Hal tersebut disampaikan Pejabat Fungsional Direktorat Pembinaan Jaringan Kerja Antar-Komisi dan Instansi (PJKAKI) KPK, Johnson R Ginting, saat ditanyai wartawan usai menjadi pemateri dalam acara di Universitas Teuku Umar (UTU) Meulaboh, Aceh Barat, Rabu (28/2/2018).
“Pesawat yang digunakan Gubernur Aceh itu perlu dikaji dulu, yakni dalam bentuk apa ketika Gubernur Aceh itu gunakan, apa dalam bentuk pemberian tertentu atau pinjam atau dalam bentuk lainnya? Maka perlu dikaji. Tentu dalam hal ini Gubernur perlu menyampaikan penggunaan pesawat tersebut,” kata Johnson.

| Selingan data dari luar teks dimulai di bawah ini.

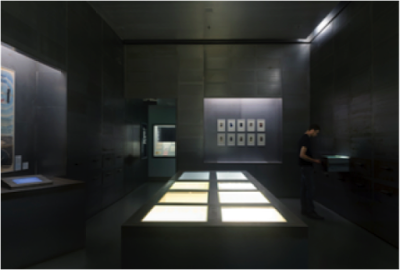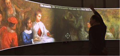 Pour accéder à cette réserve virtuelle il faut prendre la direction de la nef latérale pour y découvrir une salle où se côtoient différentes technologies. Parmi elles, un écran panoramique incurvé qui, grâce au procédé de la Kinect, permet aux visiteurs d’interagir physiquement avec les œuvres. D’un simple mouvement de bras, de main, le visiteur évolue entre les œuvres, en sélectionne certaines et, grâce à la numérisation HD, en découvre les moindres détails. En somme, le visiteur entre dans l’œuvre.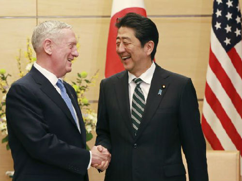 2月3日,在日本东京,日本首相安倍晋三(右)与到访的美国国防部长马蒂斯举行会谈。
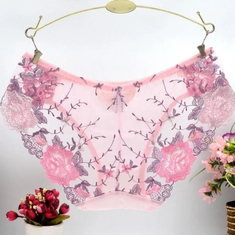 6 цветов, женское нижнее белье с вышивкой в китайском стиле, женские Невидимые трусики из спандекса, сексуальные кружевные трусики с цветочным рисунком, бесшовные трусики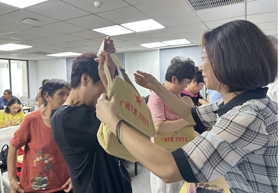 昆鵬社區(qū)學(xué)校為學(xué)員準(zhǔn)備了校徽、書包、筆記本等,并于開班儀式上舉行了授予儀式。開班儀式上,在場領(lǐng)導(dǎo)親自為學(xué)員們佩戴校徽,背書包,喜笑顏開,仿佛回到了少時(shí),樂得合不攏嘴。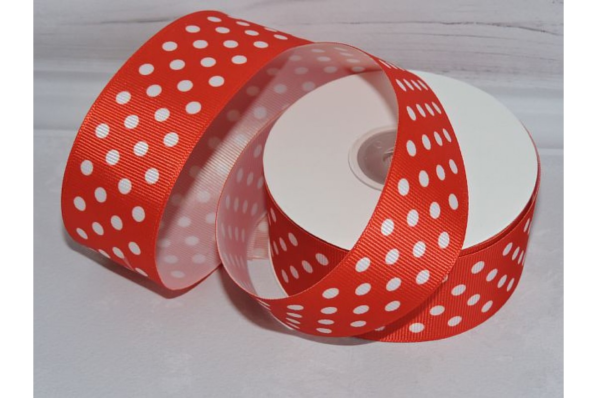 Лента репсовая 40 мм с рисунком "Крупный горох", цв. красный/белый - 1 м.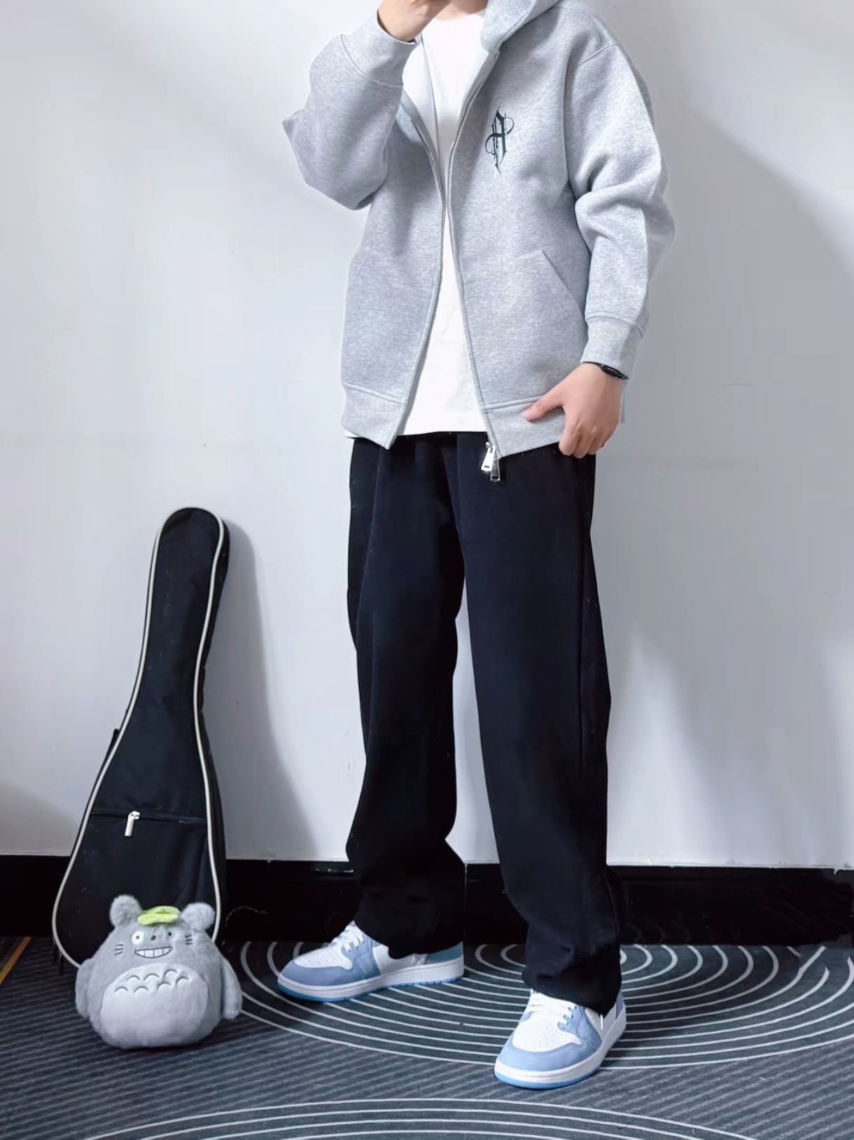 低调点其实也不错 今天的我选择一件开衫卫衣 让生活也休闲 身穿的这件CHINISM 卫衣,低调的黑色,穿着也是舒适自在的 日常叠穿T恤也不错 这样过秋天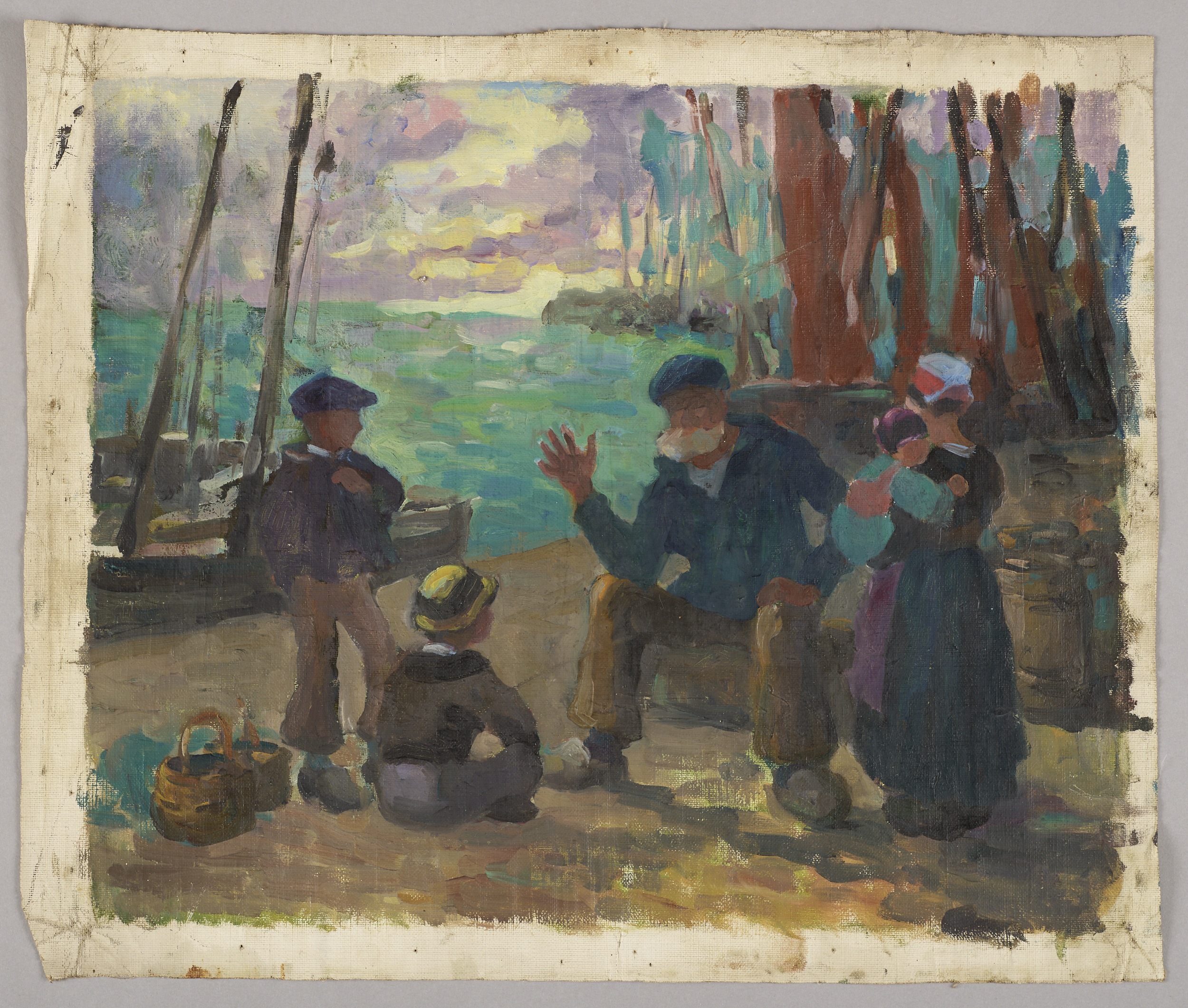 L'oeuvre intitulée Marin racontant une histoire est attribuée à Barbey Jeanne-Marie (1876-1960) et se trouve au musée des beaux-arts. Le procédé technique employé est huile, toile. La pièce a pour dimensions H.37.2 cm, l.44 cm. Elle figure : Scène de genre,marin,vieil,enfant,bébé,costume traditionnel breton,robe,coiffe,tablier,sabot,port,homme. L'oeuvre appartient à la 1ère moitié 20e siècle. Concernant cette pièce : Paris, 17/07/1876 ; Bagnolet, 12/08/1960.

Apabila pesawat tersebut berstatus pemberian, maka Gubernur harus melaporkannya kepada KPK sehingga tidak terjadi perbuatan gratifikasi. “Yang diberikan, apapun, harus dilaporkan ke KPK. Itu dalam bentuk apapun,” pungkas Jhonson.

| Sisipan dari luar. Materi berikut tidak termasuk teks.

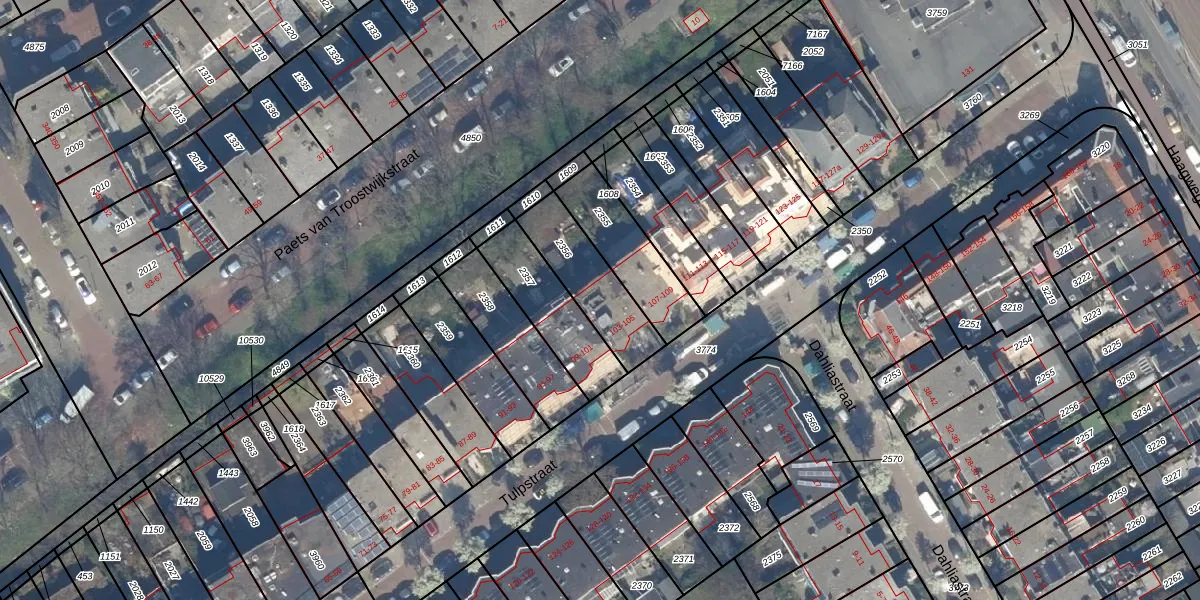 Tulpstraat 105 is gelegen op kadastraal perceel RWK01A2356. Deze kadastrale aanduiding is uniek en wordt gebruikt door het Kadaster om eigendomsrechten en andere zakelijke rechten vast te leggen. Het perceel maakt onderdeel uit van de kadastrale gemeente Rijswijk.

Terkait status pesawat yang digunakan Irwandi, Johnson R Ginting juga menyinggung peran DPRA dalam hal pengawasan. Dia katakan, DPRA perlu proaktif memastikan status pesawatyang digunakan tersebut, apakah menyalahi aturan atau tidak.

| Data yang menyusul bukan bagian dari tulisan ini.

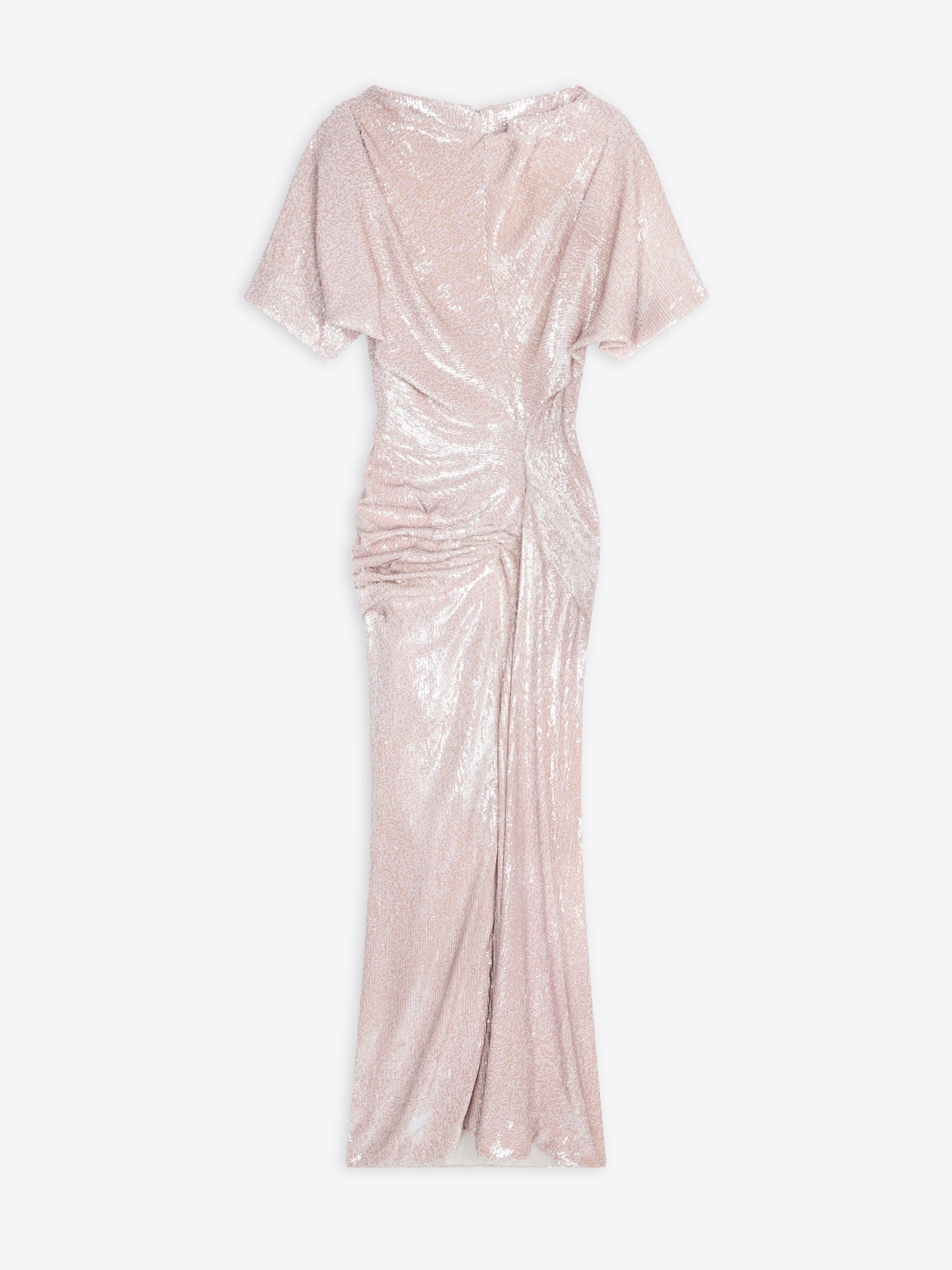 Fitted floor-length draped dress in viscose, with printed sequin embroidery. DETAILS - 100% Viscose. - Printed sequin embroidery. - Tight fit. Floor length. Draped. - Short sleeves. Draped neckline. Back zip closure. - Ref: 242-111033-9321 SIZE AND FIT Model is 180 cm / 71 inches and wears size 34.

“Ya proaktif DPRA lah. Pastikan dulu soal pesawat itu,” ucap Pejabat Fungsional Direktorat PJKAKI KPK ini.
Jhonson hadir ke Aceh untuk mengisi acara ‘Road Show Open Data Platform ke Universitas di Aceh’ yang diselengarakan Gerakan Antikorupsi (GeRAK) Aceh, didukung The Asia Foundation (TAF) Program SETAPAK. Untuk Aceh, road show dimulai dari UTU Meulaboh, dan selanjutnya direncanakan diselenggarakan di wilayah tengah dan utara Aceh.
Koordinator GeRAK Aceh, Edy Syah Putra, mengungkapkan road show tersebut dalam rangka memperkenalkan open data kepada mahasiswa di lingkungan kampus, serta mempublikasikan data melalui portal GeRAK Aceh. “Diharapkan dapat mendorong peningkatan tata kelola melalui transparansi open data platform sekaligus partisipasi publik dalam pembangunan di kampus, termasuk di Aceh Barat,” katanya.
Hal senada juga disampaikan Jhonson. Dia meminta kabupaten/kota dan Pemerintah Aceh, termasuk juga universitas, agar mendukung keterbukaan informasi publik.
Keterbukaan ini diharapkan dapat membangun transparansi, sehingga terhindar dari praktik perbuatan korupsi dan kejahatan lainnya. “Kita dorong pemerintah daerah dan lembaga universitas agar membuka informasi kepada masyarakat,” harapnya.
Pejabat Fungsional Direktorat Pembinaan Jaringan Kerja Antar Komisi dan Instansi (PJKAKI) KPK, Johnson R Ginting, juga mengatakan akan mengecek kembali laporan soal dana mantan kombatan GAM sebesar Rp 650 miliar.
“Akan kita cek dulu, apakah benar ada masuk laporan ke kita (KPK),” katanya menjawab pertanyaan wartawan.
Seperti diketahui kasus dana Rp 650 miliar kini dalam tahap pengusutan pihak Kejaksaan Tinggi (Kejati) Aceh. Kasus itu, selain pernah dilaporkan GeRAK Aceh ke Kejati Aceh, juga telah dilaporkan ke KPK. “Tentu dalam setiap pengusutan kita akan awasi,” tukas Jhonson.
Ia menambahkan KPK telah menerima sejumlah laporan dari Aceh. Tentu informasi dan laporan yang masuk akan dikaji dan bila ditemukan tindakan pidana korupsi, akan diusut termasuk kegiatan operasi tangkap tangan (OTT).
“Ada. Tapi ya tidak kita sampaikan terbuka. Nanti bisa bocor. Macam-macam lah laporan masuk,” ujarnya.